I mean I was BELOW THE 140'S TODAY!!! But then wehad dinner...it's the hardest part of my day, part of me just wants to go out with my freinds in the eenings to skip dinner, but I know I'll just drink, which is even hgher calories than the meal itself. It's so stupid.
Pasta, with tomatoe sauce and THREE falafles. Then salad with lots of OIL on. Then rasperiies.

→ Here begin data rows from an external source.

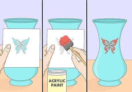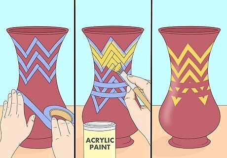 Place painter’s tape along the vase to create geometric shapes with paint. Cut off strips of painter’s tape and place them on the vase, pressing down firmly to make sure the paint won’t get up under the tape. Paint each section of the taped off vase a different color using acrylic paint to create a geometric design. Cut the painter’s tape into thinner strips if you want smaller divisions between the colors. Wait for the paint to begin drying before peeling off the tape.
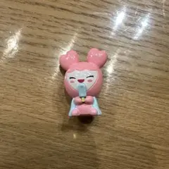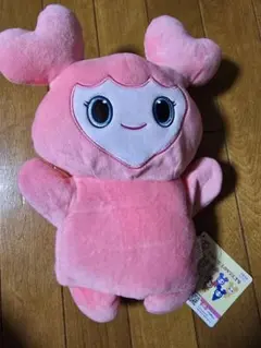 ハート型の耳を持つピンクのぬいぐるみで、寝ている表情が特徴的です。
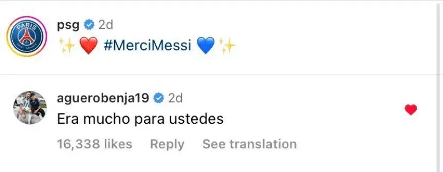 Aprovechando la pobre publicación del PSG en su cuenta de Instagram, la cual perdió casi 2 millones de seguidores desde que se fue el 10, Benjamín Agüero decidió tomar parte de las críticas hacia el club parisino: “Era mucho para ustedes”, escribió en el saludo al argentino.
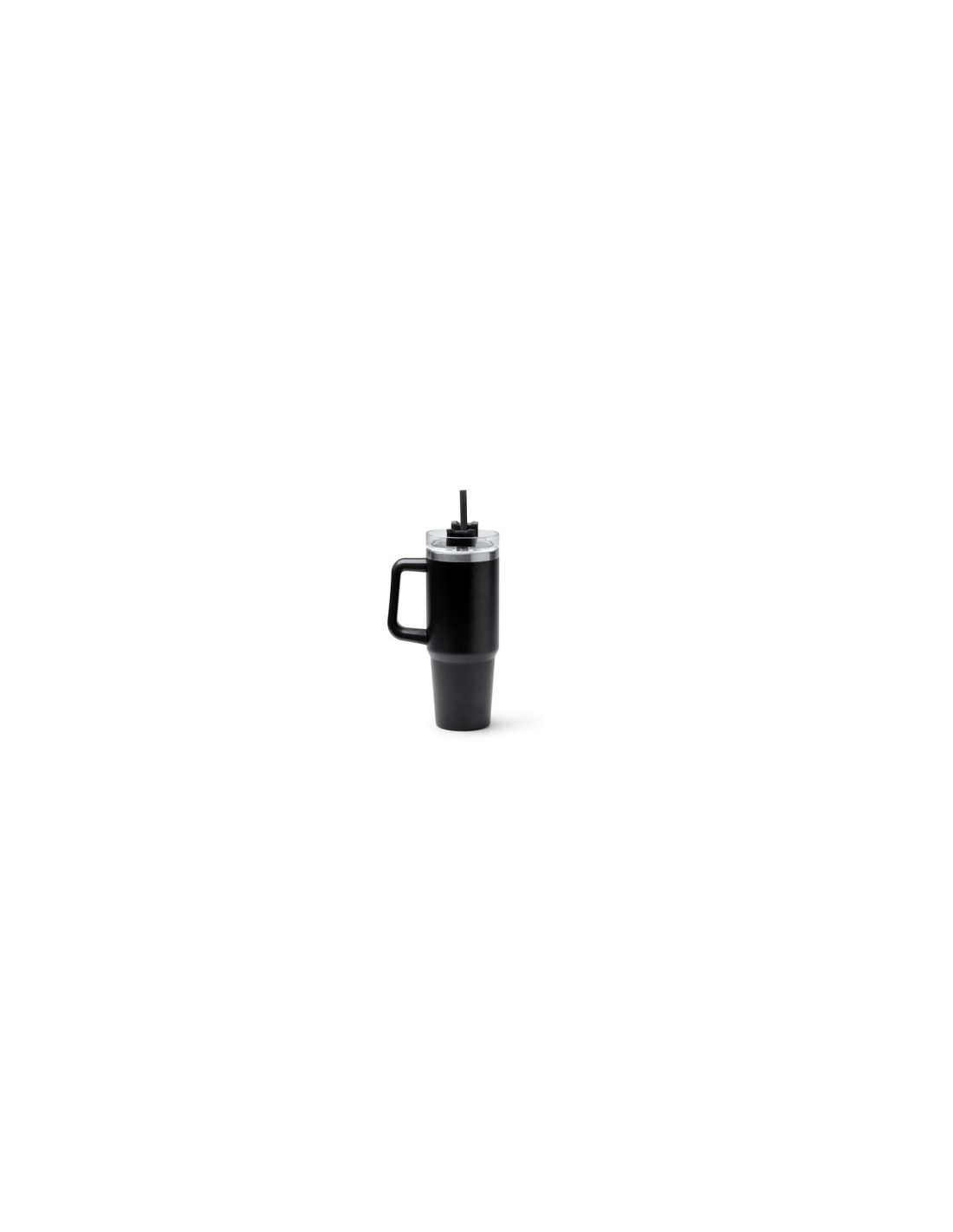Kubek termiczny z podwójnymi ściankami wykonany ze stali nierdzewnej 304 pochodzącej z recyklingu. Pokrywka ze słomką i systemem zamykania na śrubę. Pojemność: 870 ml. Zapakowany w eleganckim pudełku.
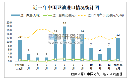 根据中国海关数据显示:2021年1月中国豆油进口数量为12万吨,同比增长51.7%,进口金额为0.92亿美元,同比增长54.7%;近一年中国豆油进口均价存在小幅度涨跌,1月进口均价高于2020年12月;2015-2020年中国豆油进口数量与进口金额均在2020年达到最高值。
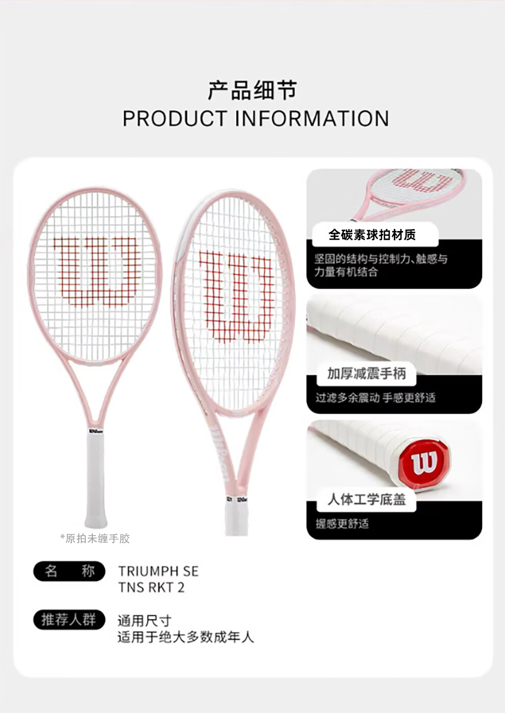 威尔胜(Wilson)樱花粉薰全碳素一体大拍面高颜值网球拍 WR146110U2
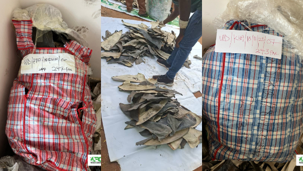 The seizure involved 3,967 dried shark fins weighing a total of 488 kilogrammes, packed in 14 wrapped jute bags popularly known as “Ghana Must Go” bags.
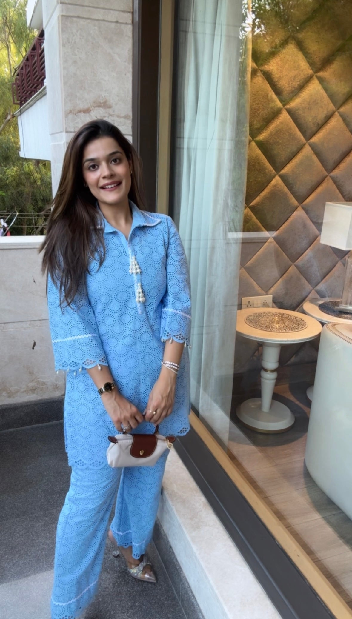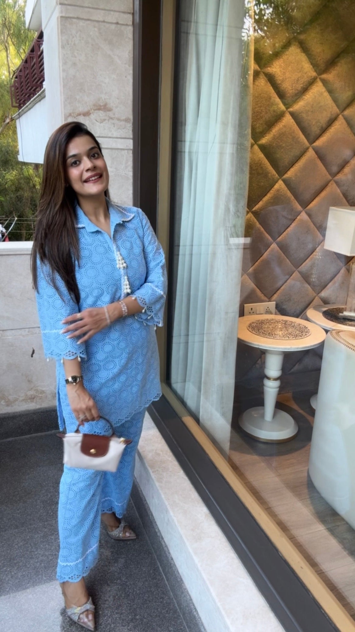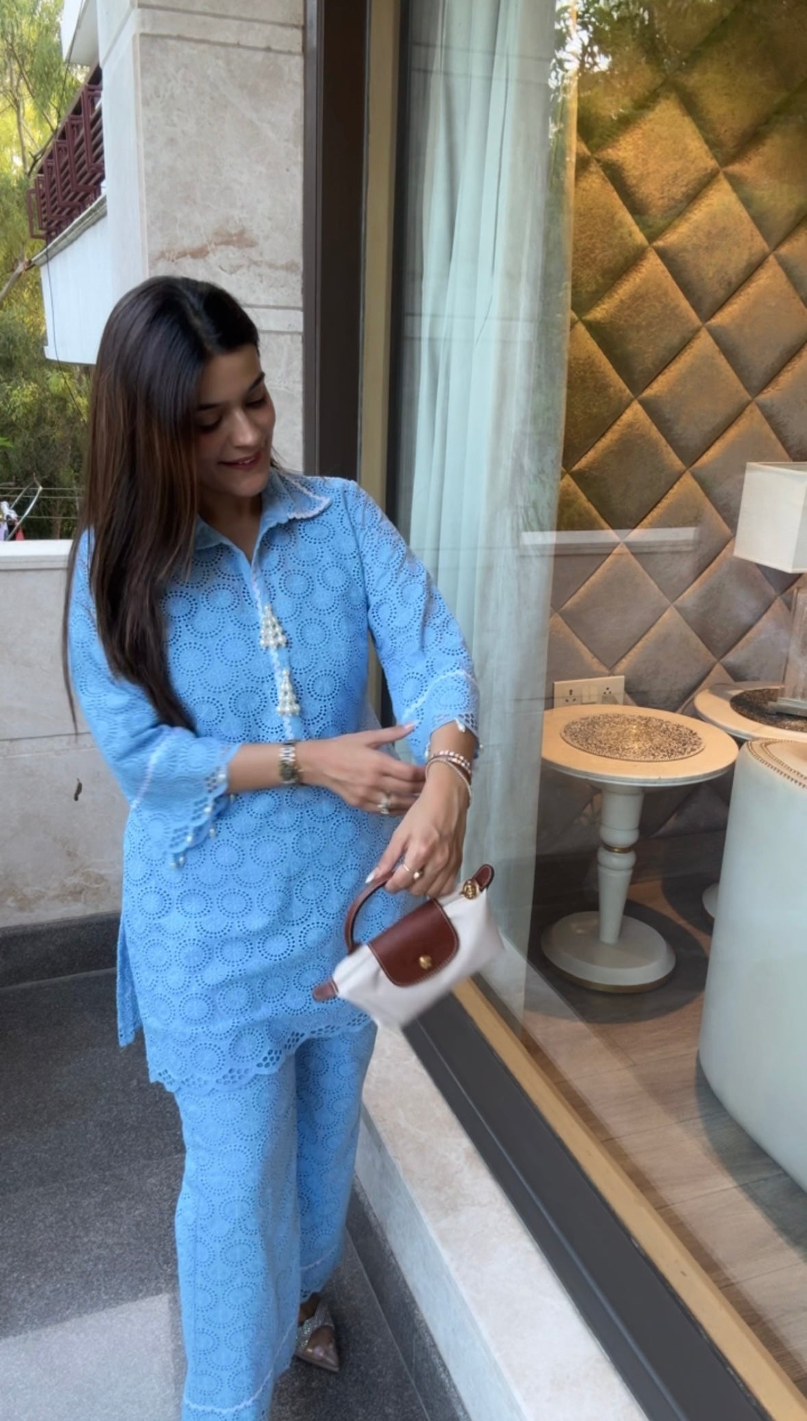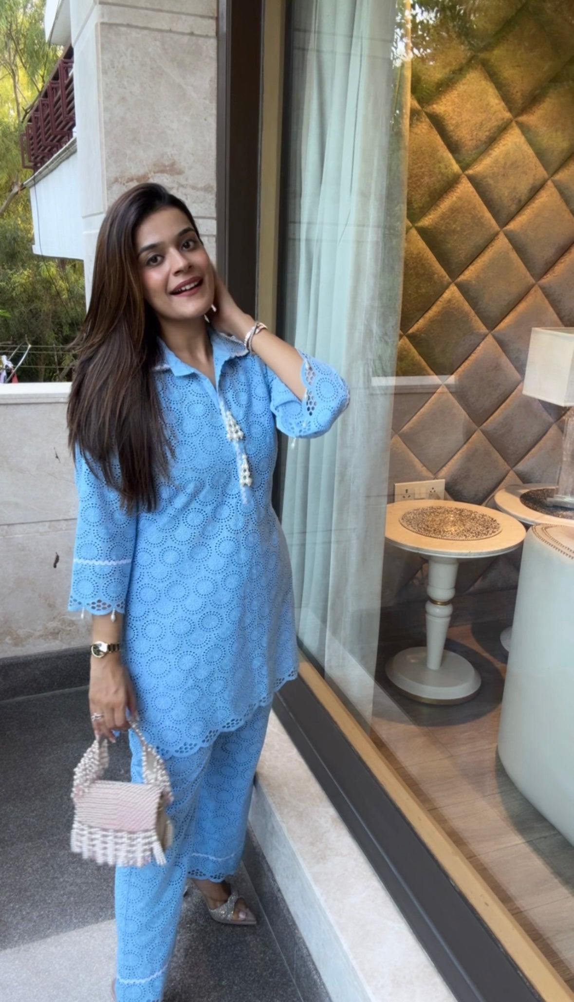 Elevate your wardrobe with the Celeste Lace Set, featuring a periwinkle cutwork kurta paired with matching pants. Delicate pearl tassels add a refined touch, blending intricate craftsmanship with understated elegance. Perfect for occasions where sophistication meets comfort.
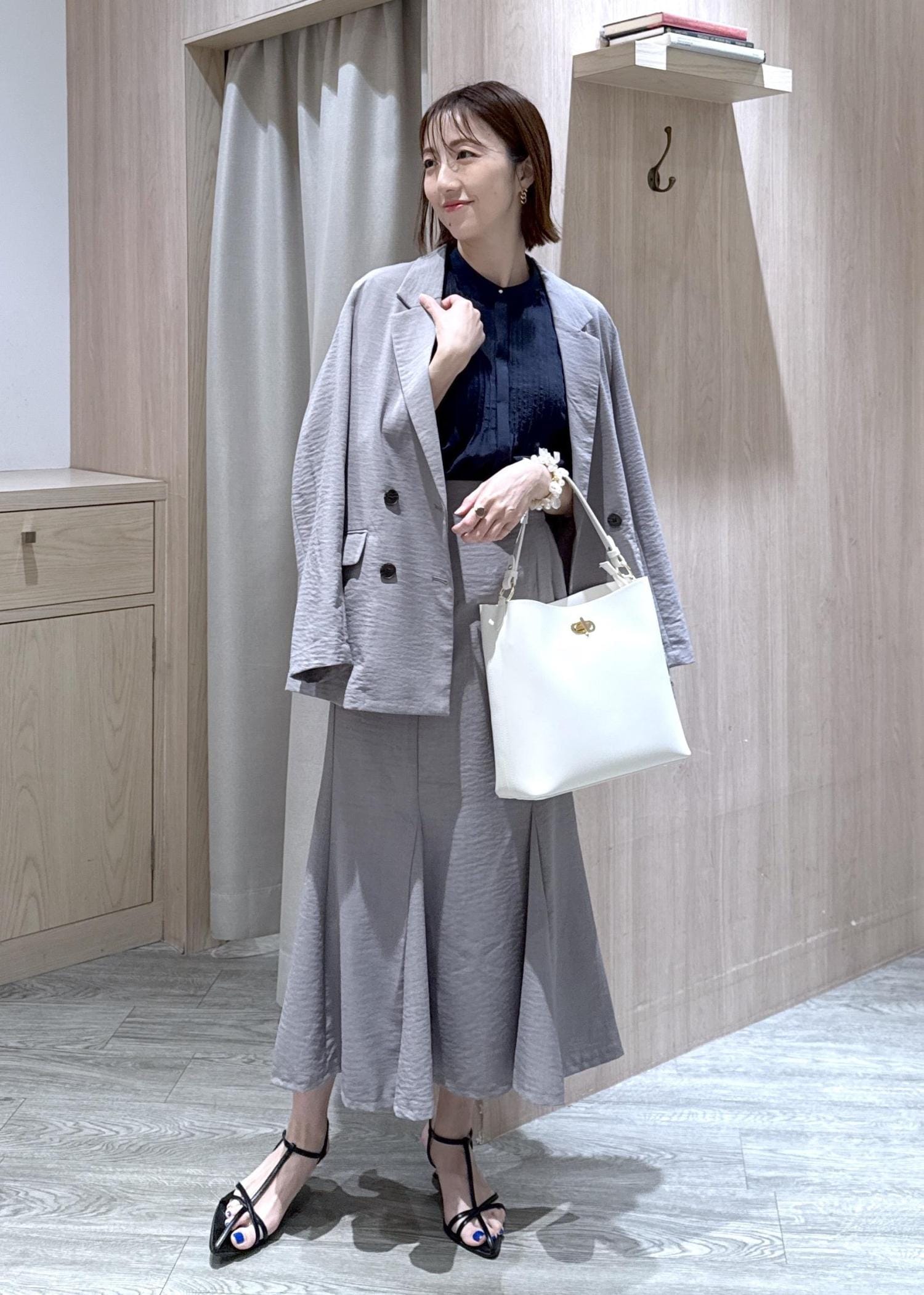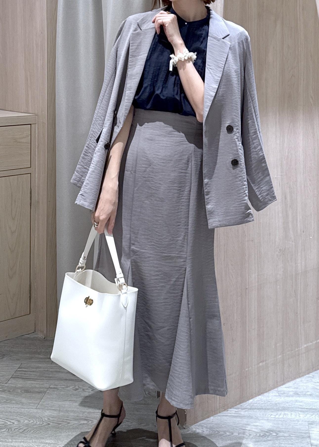 美easyジャケットとスカートでキレイめオフィスコーデにしました!

I weighed myself and I'm 141.
I want to die. Literally, crawl into a whole and die. I doubt I could find a whole big enough though.
Tomorrow'll be worse becuase my parents will be in all day and make me eat lunch, I'm hoping, PRAYING, I can sleep through it.
I wish I could purge. I've been trying for A YEAR and I can't do it. Ive tried my fingers and a toothbrush, both ends, multiple times. But my body IS SO FUCKED UP that it won't let me.
I might by some laxatives, but I heard somewhere they don't actually get rid of the calories and stuff?
I need to EXCERISE. When I get back from NY, I'm going to the gym EVERYDAY for an hour. I need more dedication whwn it comes to excerisisng.
I need walk around for an hour in town today, with 3 heavy books, so I spose it's better than nothing.
GW1- 137 lbs BEcuase thats where I was a matter of WEEKS ago. I'd LOVE to be there by Monday, well, today I'm averaging 140, so I guess 3 pounds in 3 days...Hhm. I'm going to try my hardest.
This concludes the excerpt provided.